There is certainly a Jewish argument to be made for capital punishment - there's just not a Christian one. Assuming we can get past the things Jesus said (you have heard it said an eye for an eye and a tooth for a tooth, but I tell you love your enemies...), we have to deal with what Jesus did.
This is where, I think, the spiritualization of salvation has some serious problems. Evangelicalism has often reduced the cross to a necessary spiritual transaction. Our souls need saving, thus Jesus has to die. He was a special case, not a normative human experience because only Jesus could do what Jesus did.
Beyond the issues of atonement at play and given the real truth of Christ's uniqueness, there's something deeper at work here.
Salvation is not purely spiritual. As crazy as many of you think I am, there's a reason it always comes back to the resurrection with me. Our faith, Christian faith, is not about going off to heaven to laze around on clouds and play soccer with Jesus. It's not about going somewhere else. It's about God coming here and making all things right.
There's something deeply physical about salvation. Buried deep within the reality of the cross is a visceral change in the make-up of all that exists. When Paul says that those who are in Christ are new creation, he is not speaking metaphorically; it is not a spiritual analogy. He means that those who are in Christ as substantively different - they are participating in a new reality. It may not be fully realized as of yet, but it has begun. The change is made, it is real.
If there is such a physical component to salvation then Christ's sacrifice on the cross is not purely a spiritual act. It is not simply a special case, it is a normative example of the way our physical self must be manifested in the world.
Christ has died. We will die. We must be willing to die.
Belief is only belief when it's backed up by action. So often Christians believe in an afterlife because it's a better alternative to the nothingness they suspect awaits them. We live in a world where science and reason dominate; it's difficult - even for those of us fully steeped in the Church - to imagine that there's some cloudy, harp-filled paradise up there waiting for us.
And so we run from death. We run with all our might because we're just not sure.
The cross presents a different path. The cross, with all of its various spiritual AND physical components, compels us to a different sort of belief, one that requires action. We must prove this belief by truly hating our own life. Hating in the sense that it is worthless to us, not because life has no value - life is indeed precious and wonderful - but because death is nothing but a blip on the radar of eternity.

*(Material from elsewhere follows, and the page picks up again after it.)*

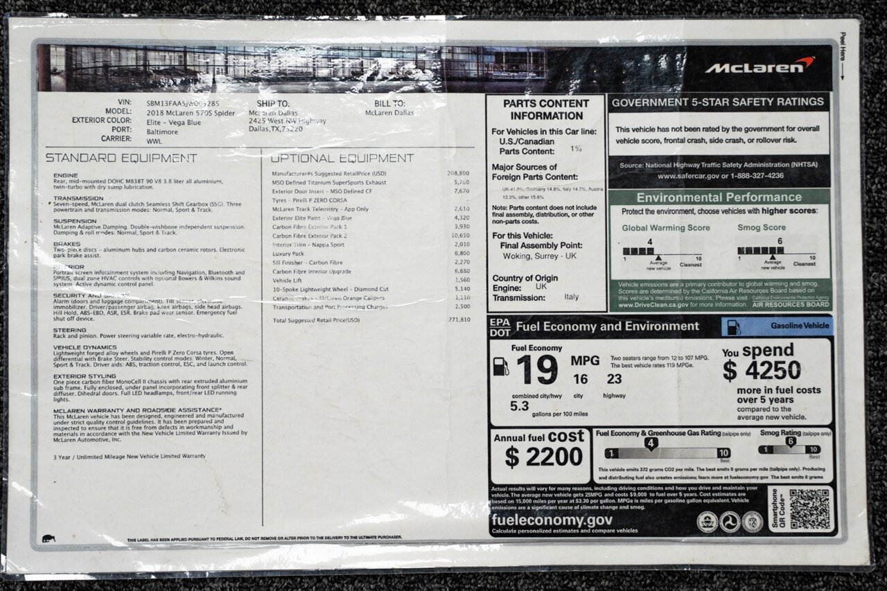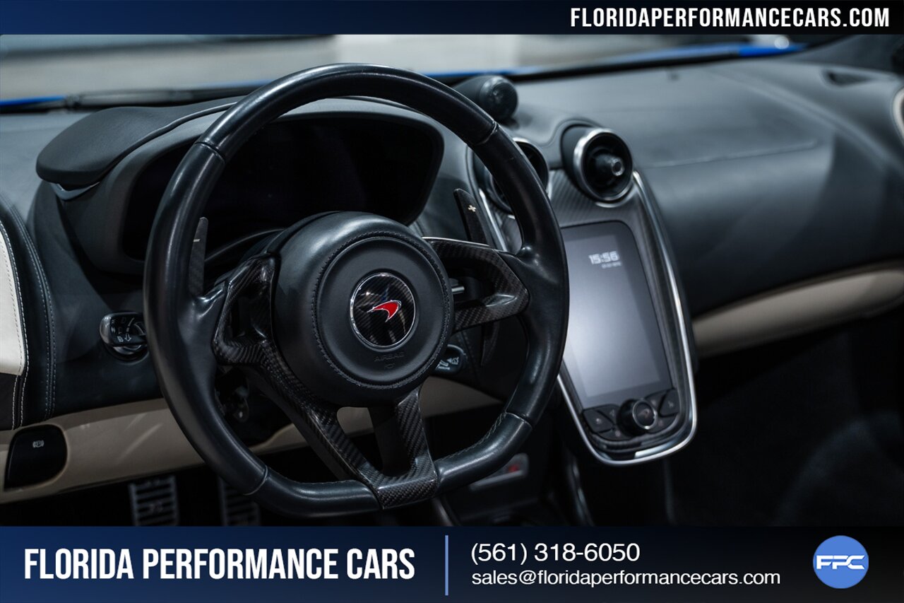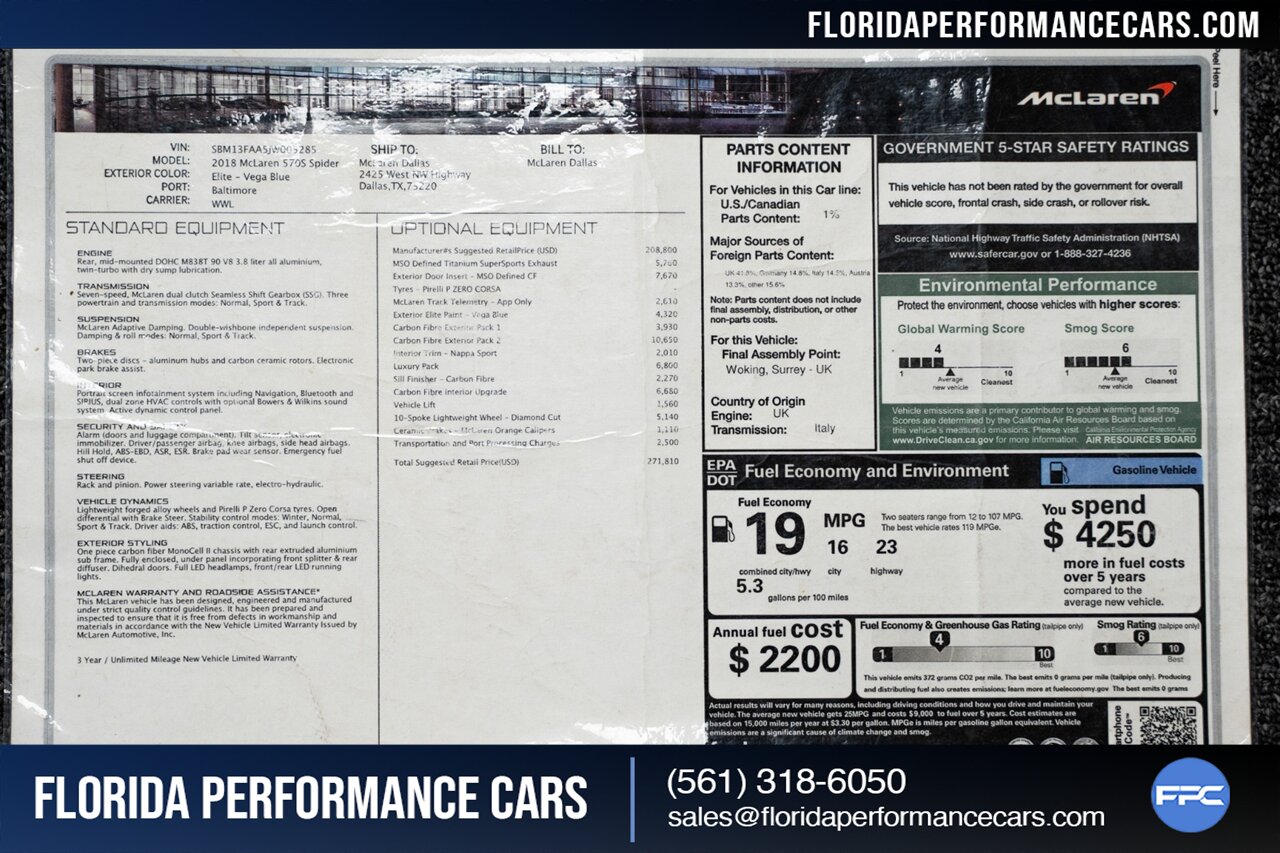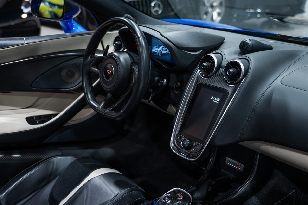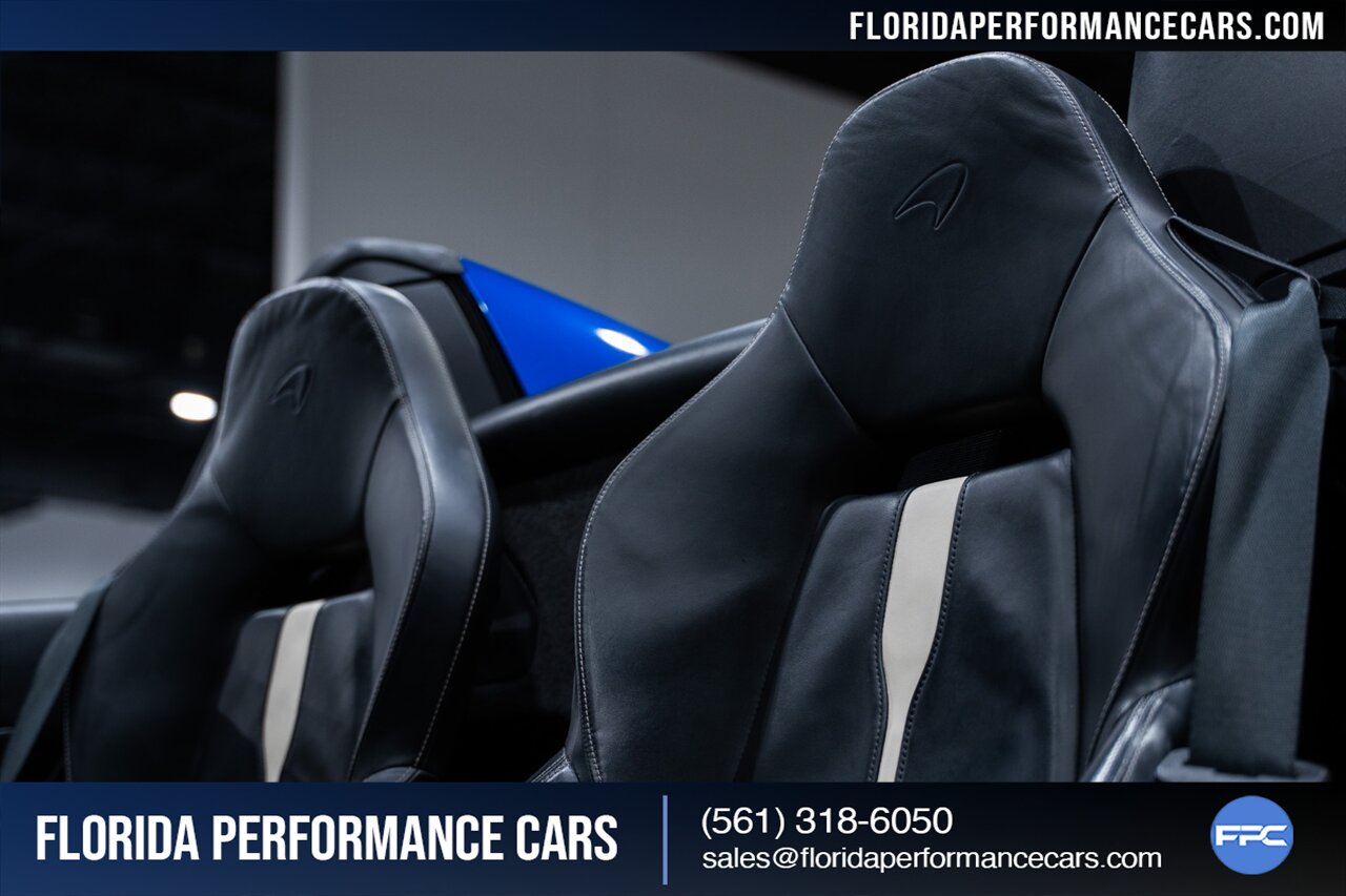 Florida Performance Cars is pleased to announce the arrival of this STUNNING 2018 McLaren 570S Spider finished in ELITE Vega Blue over Black w/ Almond White inserts & 60,540 miles. This is a Clean CARFAX, excellent condition and EXCEPTIONALLY well optioned 570S.

It would be easy to enter this mindset and emerge with the "kill'em all and let God sort'em out" mentality. Death is just a phase, so who cares? Of course, then we also have to look at Jesus. He refused to throw himself off the temple and prove his greatness. No, this new creation operates differently. It's not about power and control or even reason and practicality. It's about loving your enemies.
I can't get my head around it. I work and try and I discipline myself in the hope I might someday do the right thing in a tough situation. But I'm still running scared. Running scared towards the cross as I am firmly committed to the idea that it's the only hope for the world - and running scared away from the cross because I can't bear the thought of facing pain and death when there's an easier way out.
This is the problem of non-violence, the problem of the cross. It's not a problem to be solved, but a problem to move in with. If you work your way through the jungle-gym of logic and come out on the other side, you've done something wrong. We are creatures of a new and redeemed world, living in the midst of a dying reality. We're not supposed to fit. It's not supposed to make sense. That's why it's called faith.